Supplied entries.
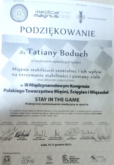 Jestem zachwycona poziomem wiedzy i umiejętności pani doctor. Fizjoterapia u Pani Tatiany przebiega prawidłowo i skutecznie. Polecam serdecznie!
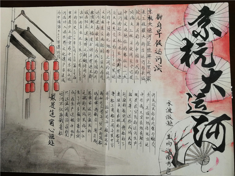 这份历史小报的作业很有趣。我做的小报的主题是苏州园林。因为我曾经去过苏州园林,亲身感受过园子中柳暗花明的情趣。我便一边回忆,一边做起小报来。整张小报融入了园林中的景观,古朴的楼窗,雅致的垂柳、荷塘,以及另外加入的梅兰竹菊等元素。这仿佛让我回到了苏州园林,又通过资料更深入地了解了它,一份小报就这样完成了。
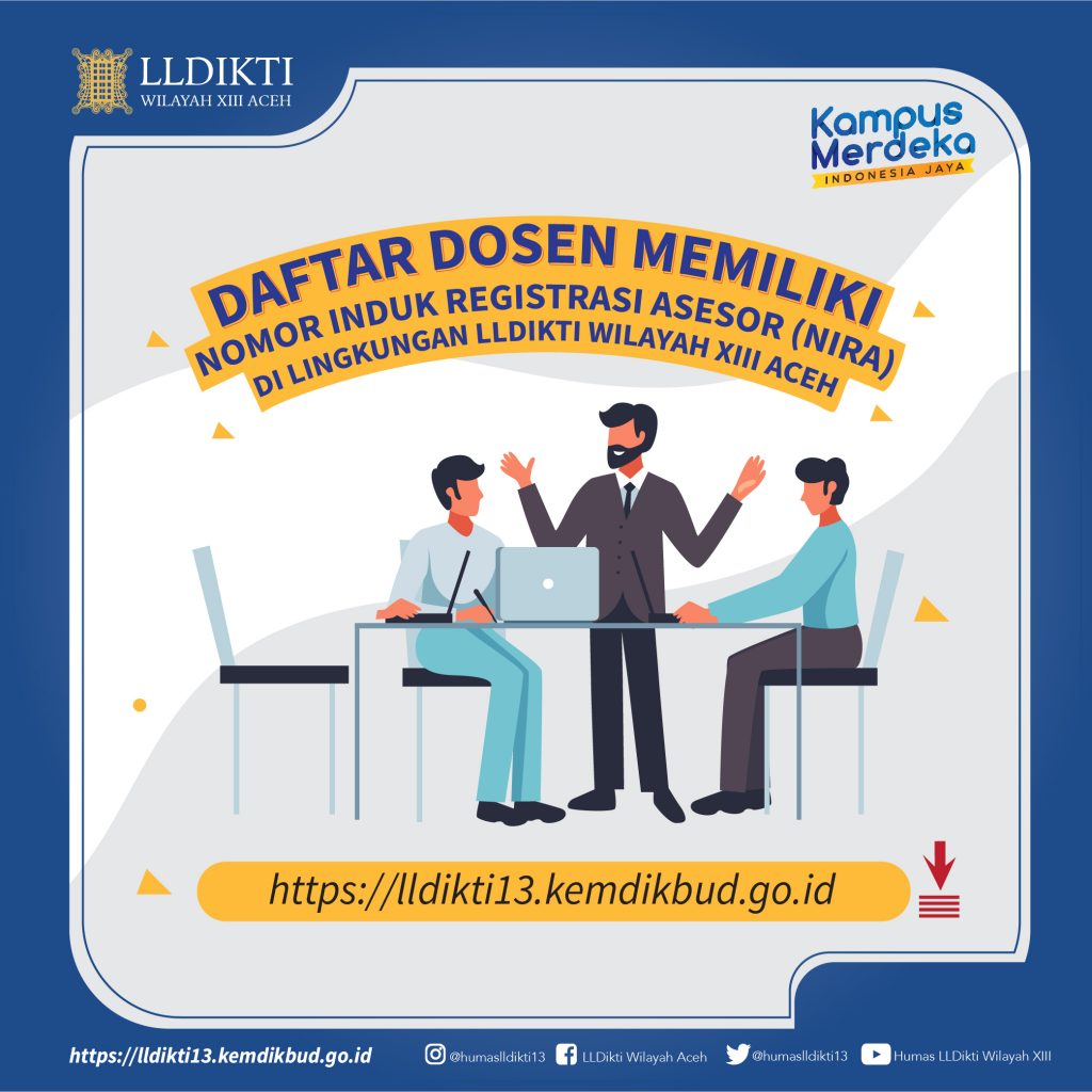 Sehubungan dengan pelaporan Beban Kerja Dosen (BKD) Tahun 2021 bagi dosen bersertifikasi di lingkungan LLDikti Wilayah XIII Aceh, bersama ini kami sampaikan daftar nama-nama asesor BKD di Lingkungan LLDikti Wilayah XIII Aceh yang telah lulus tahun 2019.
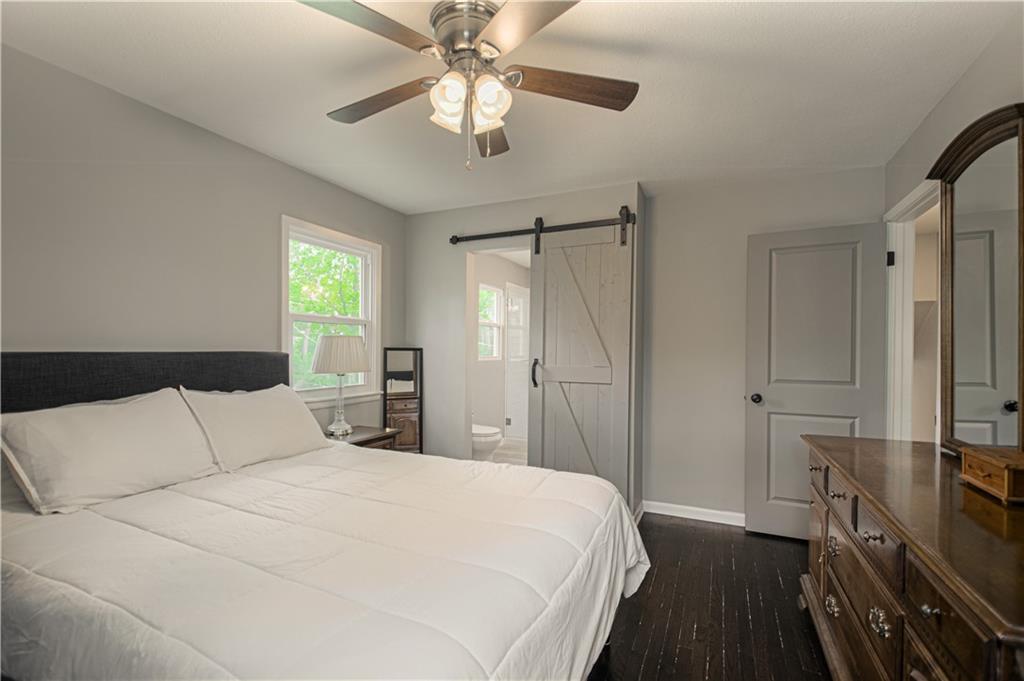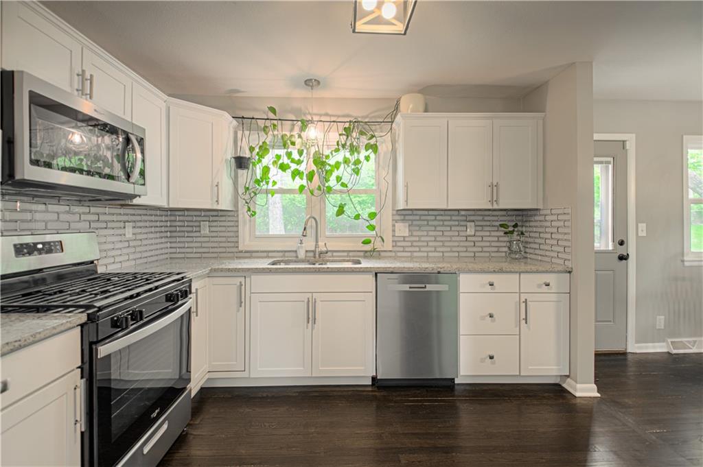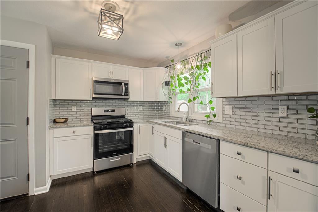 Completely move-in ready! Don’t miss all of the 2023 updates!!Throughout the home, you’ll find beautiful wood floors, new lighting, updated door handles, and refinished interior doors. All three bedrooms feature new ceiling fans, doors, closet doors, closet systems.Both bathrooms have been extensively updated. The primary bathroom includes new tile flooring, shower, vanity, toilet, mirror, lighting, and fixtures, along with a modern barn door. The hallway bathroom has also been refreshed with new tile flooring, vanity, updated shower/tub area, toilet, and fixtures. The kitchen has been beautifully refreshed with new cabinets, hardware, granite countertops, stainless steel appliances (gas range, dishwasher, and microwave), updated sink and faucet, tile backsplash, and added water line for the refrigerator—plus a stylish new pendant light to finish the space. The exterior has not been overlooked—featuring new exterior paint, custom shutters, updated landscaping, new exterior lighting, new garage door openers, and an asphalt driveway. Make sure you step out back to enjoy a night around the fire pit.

--

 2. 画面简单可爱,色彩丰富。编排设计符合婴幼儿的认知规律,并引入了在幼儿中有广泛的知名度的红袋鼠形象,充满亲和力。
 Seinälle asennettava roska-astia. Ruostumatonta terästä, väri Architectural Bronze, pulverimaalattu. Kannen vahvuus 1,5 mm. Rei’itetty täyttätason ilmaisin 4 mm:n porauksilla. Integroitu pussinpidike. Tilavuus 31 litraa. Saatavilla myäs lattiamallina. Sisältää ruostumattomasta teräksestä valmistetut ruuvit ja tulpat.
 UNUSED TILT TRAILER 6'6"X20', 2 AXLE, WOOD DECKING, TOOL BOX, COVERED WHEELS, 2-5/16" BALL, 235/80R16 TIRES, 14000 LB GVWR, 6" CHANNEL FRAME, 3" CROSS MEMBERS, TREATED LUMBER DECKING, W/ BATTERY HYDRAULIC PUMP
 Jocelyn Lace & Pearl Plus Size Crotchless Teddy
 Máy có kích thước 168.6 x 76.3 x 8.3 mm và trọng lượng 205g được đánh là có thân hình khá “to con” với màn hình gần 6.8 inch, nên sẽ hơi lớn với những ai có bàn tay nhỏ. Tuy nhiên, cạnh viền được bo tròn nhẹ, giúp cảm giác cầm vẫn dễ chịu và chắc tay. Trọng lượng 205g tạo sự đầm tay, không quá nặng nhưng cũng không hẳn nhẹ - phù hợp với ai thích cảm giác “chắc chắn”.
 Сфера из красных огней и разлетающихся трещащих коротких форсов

What the task requires.
In the listing above, locate the line with "UNUSED TILT TRAILER" and the line with "Сфера из красных", then extract exactly those lines and every line between them, and nothing more.

Answer.
 UNUSED TILT TRAILER 6'6"X20', 2 AXLE, WOOD DECKING, TOOL BOX, COVERED WHEELS, 2-5/16" BALL, 235/80R16 TIRES, 14000 LB GVWR, 6" CHANNEL FRAME, 3" CROSS MEMBERS, TREATED LUMBER DECKING, W/ BATTERY HYDRAULIC PUMP
 Jocelyn Lace & Pearl Plus Size Crotchless Teddy
 Máy có kích thước 168.6 x 76.3 x 8.3 mm và trọng lượng 205g được đánh là có thân hình khá “to con” với màn hình gần 6.8 inch, nên sẽ hơi lớn với những ai có bàn tay nhỏ. Tuy nhiên, cạnh viền được bo tròn nhẹ, giúp cảm giác cầm vẫn dễ chịu và chắc tay. Trọng lượng 205g tạo sự đầm tay, không quá nặng nhưng cũng không hẳn nhẹ - phù hợp với ai thích cảm giác “chắc chắn”.
 Сфера из красных огней и разлетающихся трещащих коротких форсов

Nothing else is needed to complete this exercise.